Final Fantasy XIII-2 (Xbox 360)

Final Fantasy XIII-2 review

Game: Final Fantasy XIII-2
Platform: Xbox 360
Genre: Action RPG (Fantasy)
Developer: Square Enix

Featured reader review by Suskie

February 12, 2012

Final Fantasy XIII-2 asset

I’ve devoted 60 hours of my life to finding value in Final Fantasy XIII-2, and if I didn’t know better, I’d say Square-Enix was deliberately trying to stop me from enjoying it.

They were, of course, well aware of how poorly the last game was received, and its follow-up was hyped as one that addresses its predecessor’s flaws. But FFXIII-2 operates under the belief that the only thing wrong with FFXIII was its linearity. If this were true, its sequel would please everyone. FFXIII-2, like the last game, treats us to lush forests, vast mountain ranges and overwhelming futuristic cityscapes. The difference is that now, instead of gazing at them from a distance whilst treading down corridors, we can actually survey them freely and admire the considerable production values that went into making them so believable. Time travel is a major element of the story, and great care was taken to giving individual timelines their own unique color schemes; a ruin that’s rainy in present day might be snowy a century later, and covered in thick overgrowth two centuries after that. FFXIII-2 is a sight to behold and a joy to explore.

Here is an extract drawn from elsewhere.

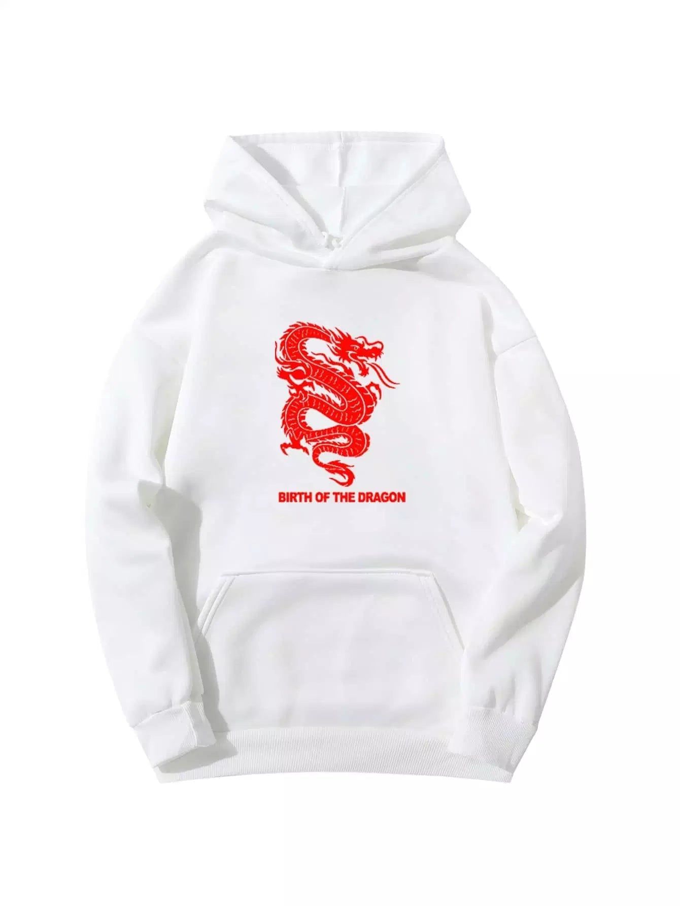 Chinese Dragon And Slogan Graphic Drop Shoulder Hoodie

And yet, it all means so little to me. I commented in my review of FFXIII that this world seems fascinating, and that the game’s overly restrictive nature was what kept it from thriving. I see now that I was wrong. It wasn’t a failure of design; it was a failure to connect. FFXIII-2’s world is considerably more open than the last one, yet for the second time in a row, Square-Enix has utterly failed to make me care about what happens in it.

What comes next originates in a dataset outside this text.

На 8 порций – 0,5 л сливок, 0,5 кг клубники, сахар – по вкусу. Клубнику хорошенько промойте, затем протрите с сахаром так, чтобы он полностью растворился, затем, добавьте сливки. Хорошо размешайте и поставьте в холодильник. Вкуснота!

FFXIII-2’s story is bad in every way a story can be bad. The basic plotline is a convoluted mess, relying far too heavily on a time travel mechanic that even the writers themselves don’t seem to fully grasp, its logistics too lazily established, its “rules” too poorly-defined. The characters all have invisible agendas, contradict themselves, or are just flat-out dumb. They talk and talk (and talk and talk), yet I walk away knowing virtually nothing about their incredibly murky inner workings. Never has so much dialog amounted to so little. I remember hating FFXIII's story; I don't recall becoming violently angry over the fact that someone was paid to write it.

The game begins, rather ominously, with a bit of revisionist history. Remember how Lightning survived the end of the first game? Well, keep it to yourself, because apparently that’s not what happened. According to FFXIII-2, Lightning vanished during the Ragnarok event, and now resides in Valhalla, where she has donned some fancy-looking armor and is currently waging war against a dark fellow with an Alan Rickman-y voice. One of the game’s few pre-rendered cutscenes depicts an extraordinary battle between the two, and Square-Enix was evidently so proud of this cinematic that they elected to show it to us twice, though we can’t hear the dialog the first time, so I guess it’s justified.

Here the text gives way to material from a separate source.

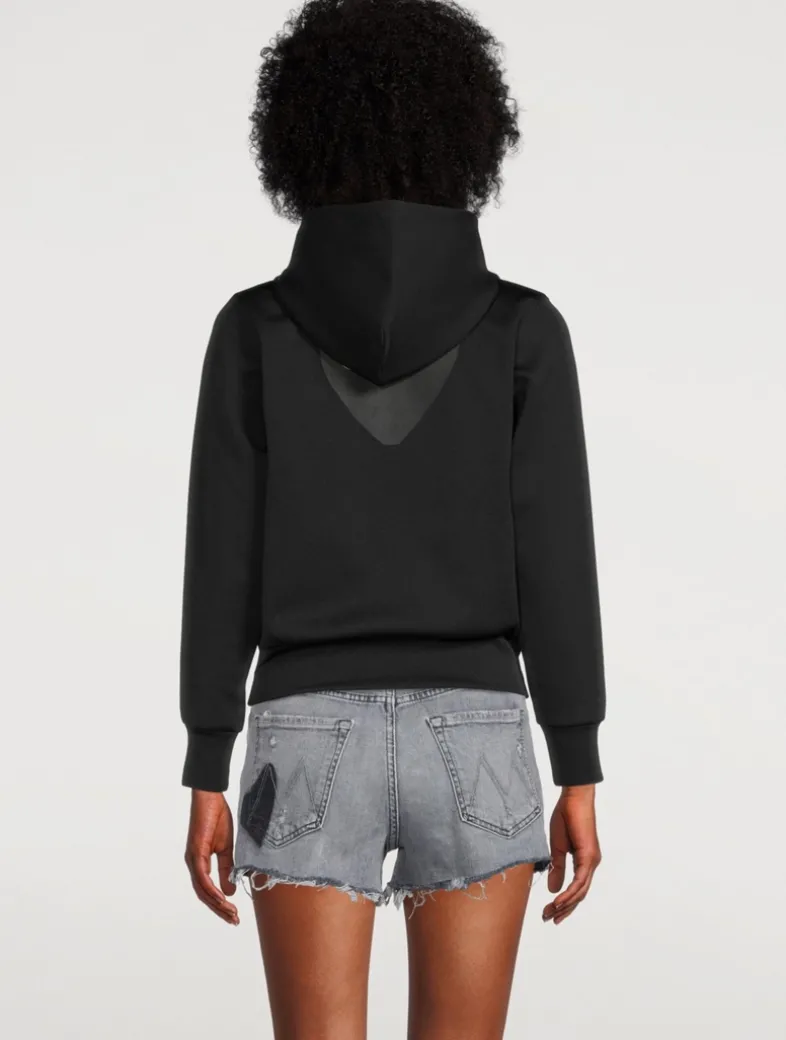 Hooded sweatshirt with front pockets and signature heart patch at chest.

Our protagonist this time around is Serah, whom you’ll recall is Lightning’s sister. She’s engaged to Snow, that popped-collared brozilla from the first game, who is also missing. She soon meets a young man named Noel, who says things like “I’m not good at holding back!” and is so uninteresting that I am completely at a loss to describe him. At one point, Noel and Snow get into a verbal slapfight, and Noel is the one who comes across as the bigger douchebag, if that gives you any idea how unlikeable he is. He wants to save the world, and Serah wants to track down her missing loved ones (who for some reason are both named after weather conditions), and they somehow determine that there’s an overlap between these two objectives, so they go on an adventure together.

Noel, by the way, is from the future – the gloomy, post-apocalyptic kind. He’s jumped back in time to prevent the end of the world from happening, but he seems to keep forgetting this, as ten hours into the game, he’s still utterly gobsmacked whenever someone suggests that his actions here and now could change the future. The villain is Caius, who is also from Noel’s time, I think. Caius wants to save a little girl (who’s dressed in uncomfortably sexy attire) from the eternal suffering of being reincarnated again and again, or something, and for some reason this involves destroying the entire world, and of course the only way to accomplish this is to create time paradoxes.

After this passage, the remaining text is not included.